The damage of the hyperopic defocus phenomenon at the periphery of the retina to vision:

when a myopia person looks at a distant vision, the myopia person can wear a concave lens for correcting myopic ametropia in order to focus distant central vision, and the central vision mark and a peripheral vision mark are refracted through a cornea and a crystalline lens, so that the central vision mark and a nearby focusing point are moved backwards to be overlapped with a macular retina to obtain clear central vision, but the peripheral vision at a distant position is moved backwards, and the phenomenon of hyperopia defocusing at the periphery of the retina is aggravated.

More disadvantageously, when the myopic person continues to read and work at close distances while wearing concave glasses that correct myopic ametropia, the central and peripheral optotypes are brought closer to the eye and therefore focus more posteriorly away from the retina, causing an artificial hyperopic ametropia and more severe hyperopic defocus around the retina.
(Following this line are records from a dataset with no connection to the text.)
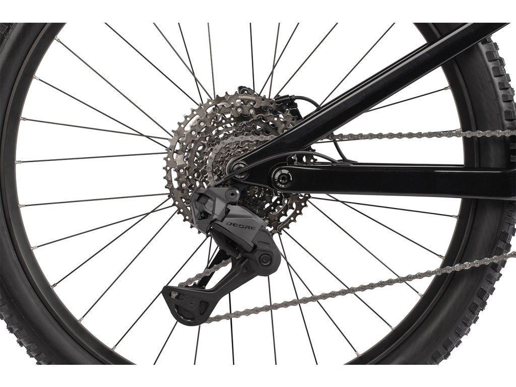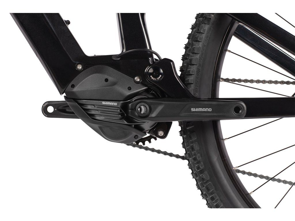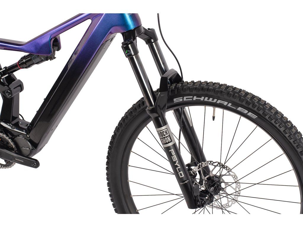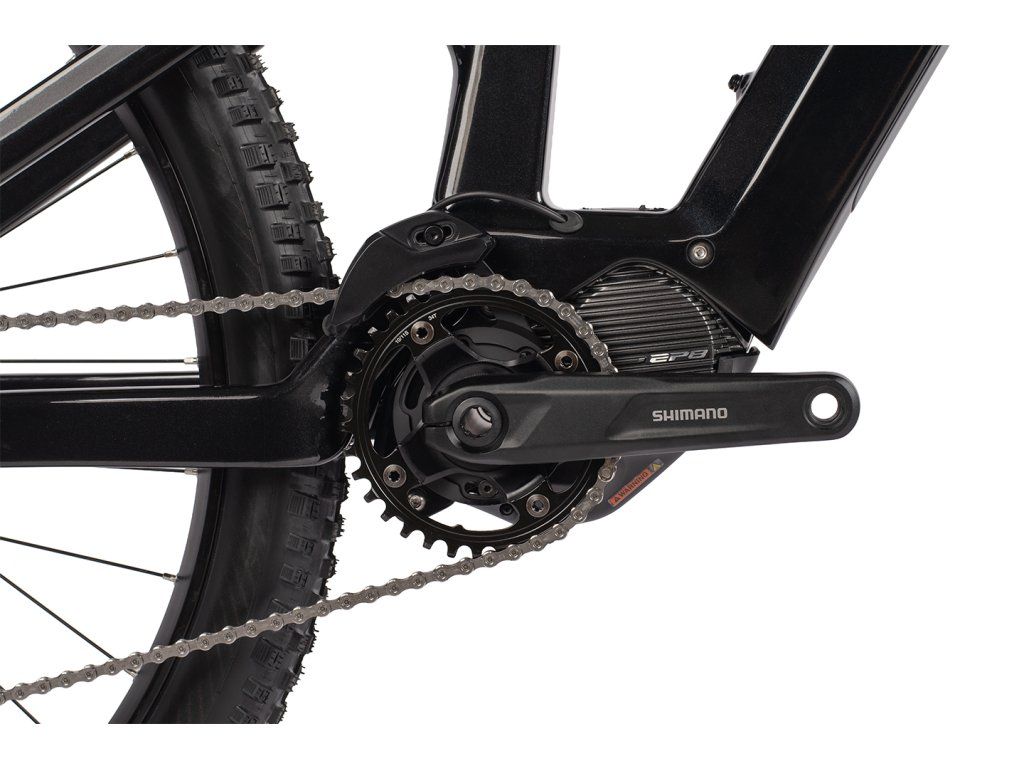 1x11 full 29" górski rower elektryczny z karbonową ramą, silnikiem Shimano EP801 (250 W, do 85 Nm) oraz napędem Shimano Deore 1x11 z funkcjami Autoshift i Freeshift, bateria Shimano 630 Wh, 17,5 Ah, skoki zawieszenia 160/150 mm, amortyzowany widelec RockShox PSYLO Silver RC, amortyzator tylny RockShox Deluxe Select R, przerzutka Shimano Deore RDM6260L Di2, hamulce Shimano MT420 z czterotłoczkowymi zaciskami i tarczami 180 mm, teleskopowa sztyca TranzX JD-YS15J, skok 125 mm, siodło DDK-VP82616 VM FIT, kierownica RITCHEY COMP ATB, 31,8/760 mm / +20 mm rise, mostek RITCHEY COMP 4-AXIS.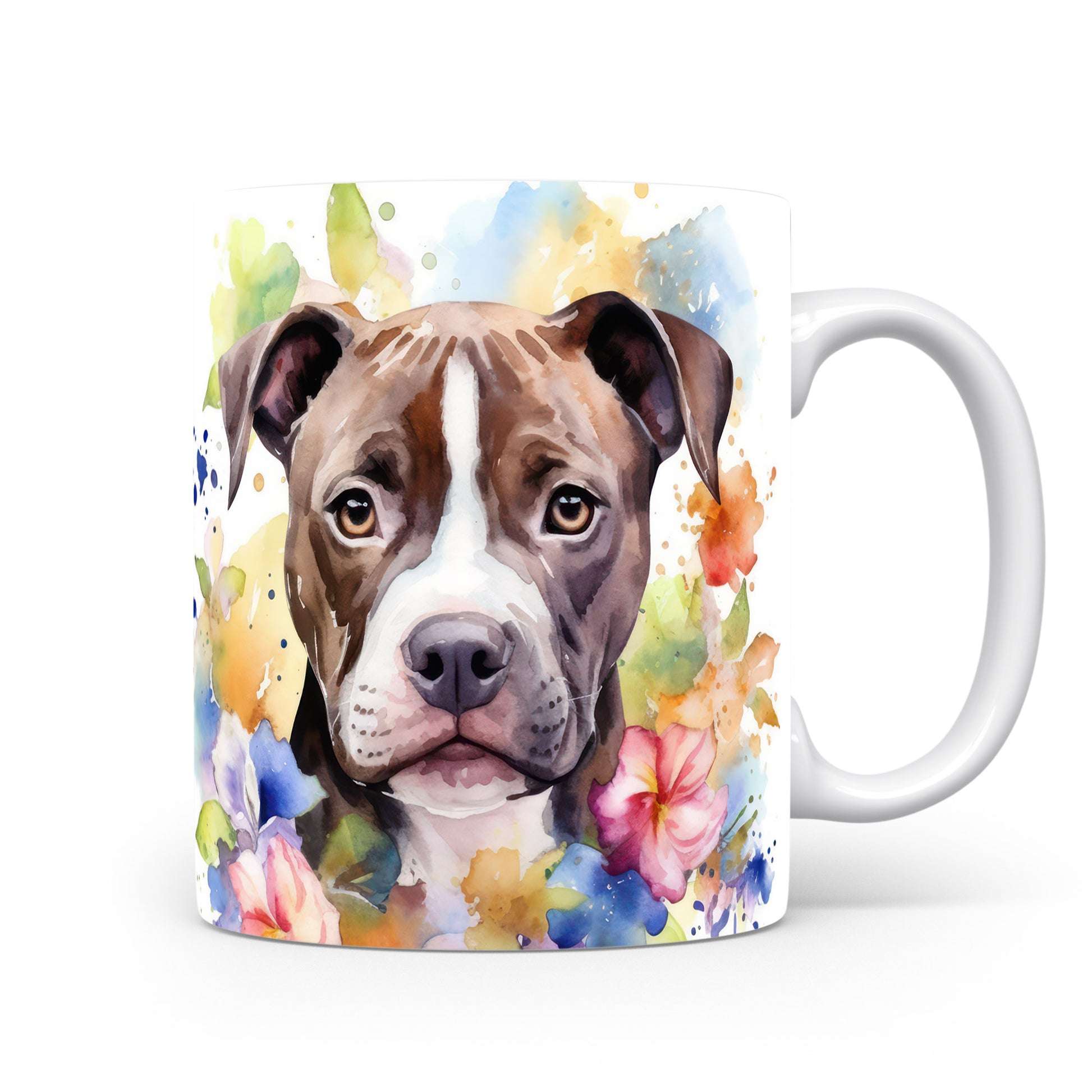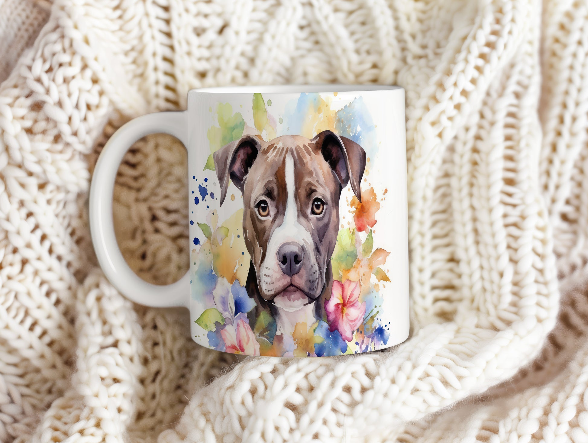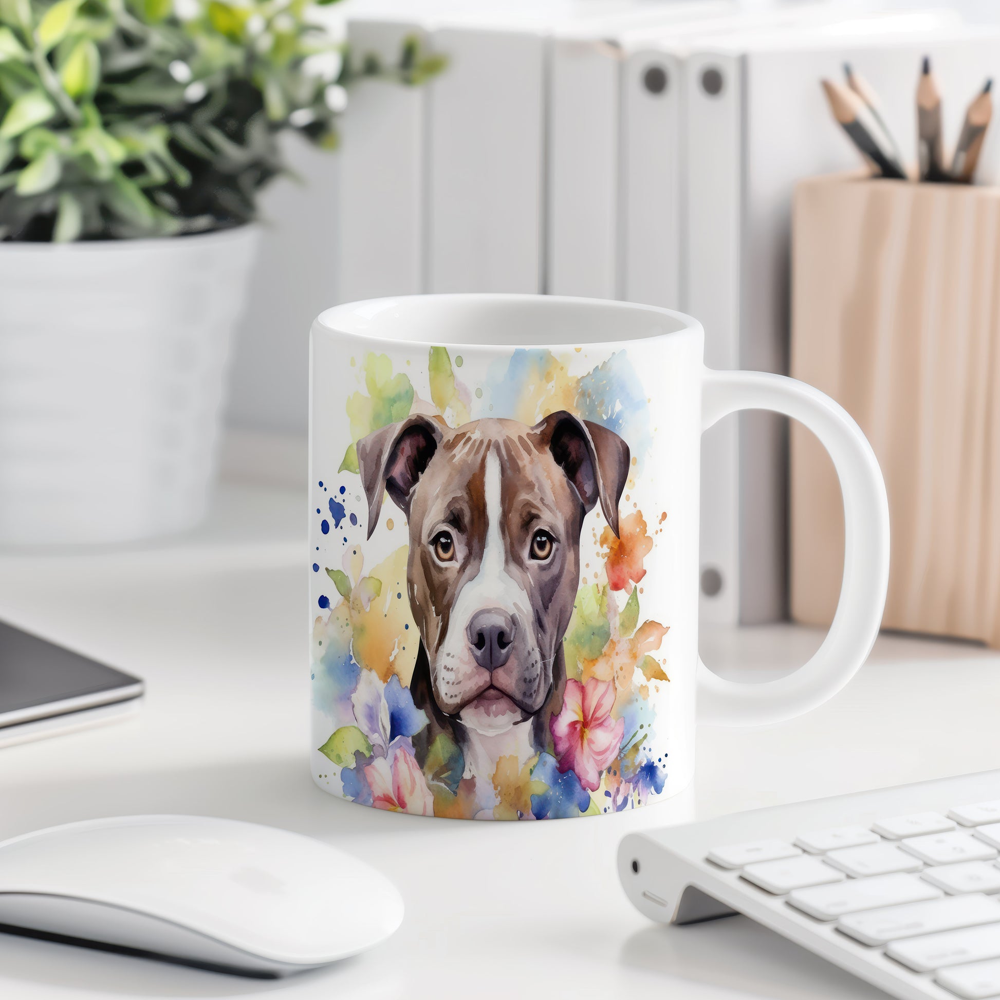 Tento hrnek s krásným vyobrazením pitbula a barevnými květinami ozdobí každý stůl. Ideální pro milovníky psů a originální dárky.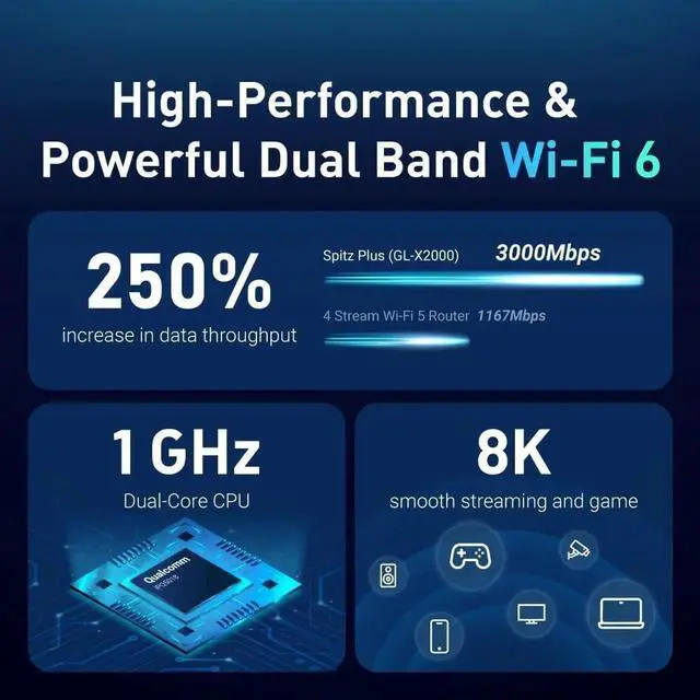VPN Tunnelling & Remote AccessProvides pre-installed OpenVPN and WireGuard to support 30+ VPN services and encrypts all network traffic within the connected network so that the network is secured when connecting to a public Wi-Fi. Max. VPN speed of 30 Mbps (OpenVPN); 190 Mbps (WireGuard) *Speed Tests conducted on a local network. Real world speeds may differ depending on your network configuration. falseInterchangeable SMA ConnectorsThe GL-X2000 features four SMA connectors, allowing for the integration of multiple external antennas to enhance the device's performance across various application scenarios. false- Fast Wi-Fi 6, 3000M wireless speedGL-X2000 provides reliable cellular networks for remote access and high speed internet in urban areas with up to 574Mbps ( 2.4GH z) + 2402Mbps (5GHz) Wi-Fi speeds.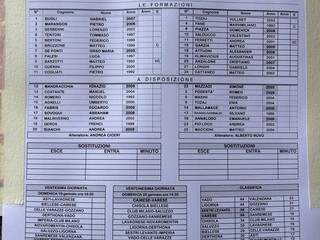 Sestri Levante (3-5-2): Vullnet Tozaj; Pane, Cattaneo, Piazza; Attuoni, Salducco, Garzia (Raggio Garibaldi 15' st), Ferretti, Anzalone; Lunghi, Klimavicius (Pio Loco 15' st). A disp.: Maddazi, Podestà, Masini, Enis Tozaj, Mallamace, Annaloro, Maccioni. All.: Alberto Ruvo
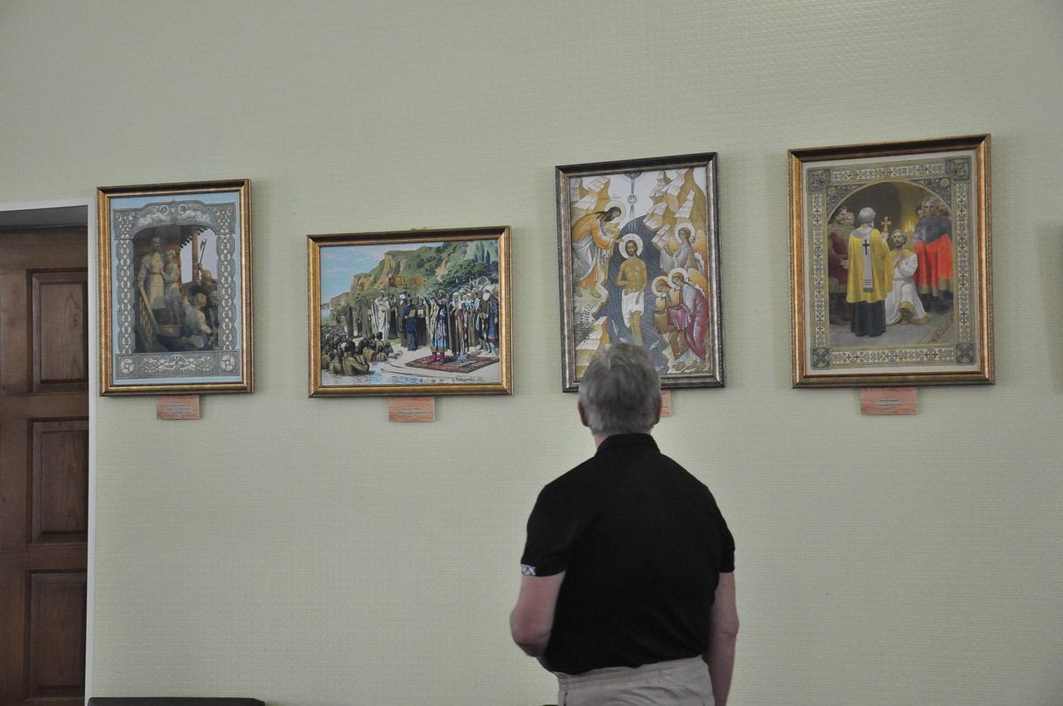 Выставка, включающая в себя иконы и репродукции картин, находится в Кинотеатре города Жиздры. Открыл выставку приветственным словом и небольшой экскурсией для собравшихся клирик Свято-Покровского храма иерей Алексей Ефименков, который рассказал слушателям о жизни святого князя Владимира, о важности выбора веры и ее сохранения. После открытия все были приглашены в зал, где был показана серия короткометражных фильмов о святом князе Владимире из цикла «Повесть временных лет».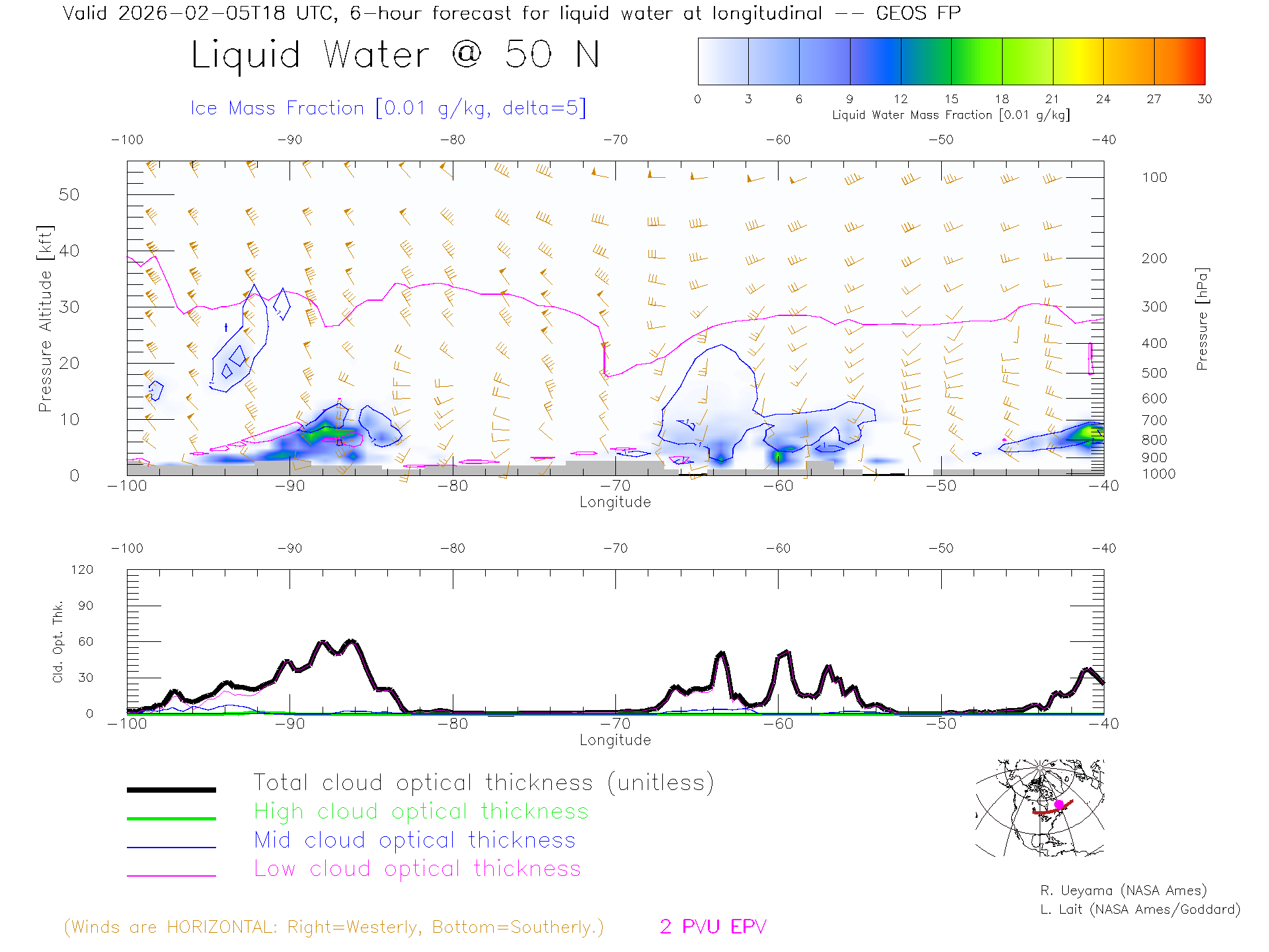 GEOS Forecast Cloud Water Content X-Section (50 N)

The unfocused central and peripheral targets in the above situation stimulate the center of vision of the brain, which activates the center of the midbrain's near reflex pathway to obtain a relatively sharp target view, causing contraction of the ciliary muscle (which may cause spasticity over time), increasing the lens surface curvature and anterior-posterior diameter (which persists when the ciliary muscle is spastic), and producing increased accommodation (which persists when the ciliary muscle is spastic) to focus the target view. Focusing of the central view is generally achieved only because the focusing of the peripheral visemes requires more adjustment, which in turn causes the focusing of the central view to move forward in front of the central retina, resulting in a new round of myopic ametropia. Therefore, the occurrence and development of pseudomyopia and true myopia can be easily caused and aggravated by wearing concave glasses with myopic ametropia to correct myopia, and the degree of myopia is rapidly increased, and is easily increased by one or two hundred degrees every year.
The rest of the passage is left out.